Scaling multi-agent reinforcement learning (MARL) systems faces severe coordination challenges and scalability bottlenecks as agent count increases. Method: This paper proposes LEED, a decentralized MARL framework that leverages large language models (LLMs) to generate high-quality, environment-specific instructional demonstrations; agents then incorporate these expert demonstrations into local policy optimization without centralized communication. A novel expert-policy loss function is introduced to explicitly guide policy learning via demonstration imitation. Contribution/Results: LEED significantly improves sample efficiency and training speed while preserving decentralization. Extensive experiments across multiple benchmark tasks demonstrate that LEED outperforms existing state-of-the-art methods in both final performance and convergence rate, achieving strong scalability, high sample efficiency, and rapid convergence—without requiring centralized coordination or explicit inter-agent communication.

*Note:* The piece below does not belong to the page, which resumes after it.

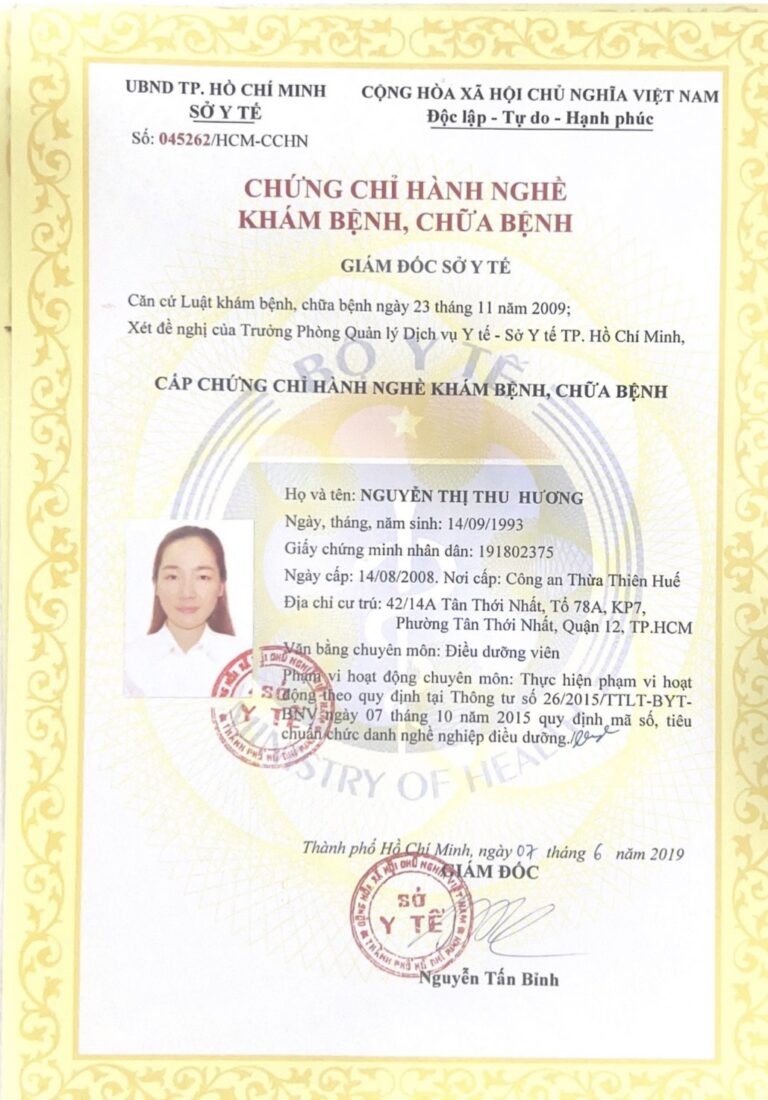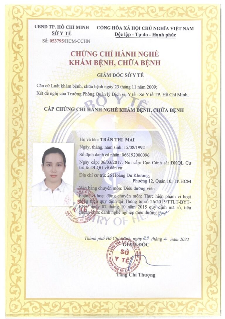 Chứng chỉ hành nghề của điều dưỡng viên tại phòng khám

Multi-agent reinforcement learning (MARL) holds substantial promise for intelligent decision-making in complex environments. However, it suffers from a coordination and scalability bottleneck as the number of agents increases. To address these issues, we propose the LLM-empowered expert demonstrations framework for multi-agent reinforcement learning (LEED). LEED consists of two components: a demonstration generation (DG) module and a policy optimization (PO) module. Specifically, the DG module leverages large language models to generate instructions for interacting with the environment, thereby producing high-quality demonstrations. The PO module adopts a decentralized training paradigm, where each agent utilizes the generated demonstrations to construct an expert policy loss, which is then integrated with its own policy loss. This enables each agent to effectively personalize and optimize its local policy based on both expert knowledge and individual experience. Experimental results show that LEED achieves superior sample efficiency, time efficiency, and robust scalability compared to state-of-the-art baselines.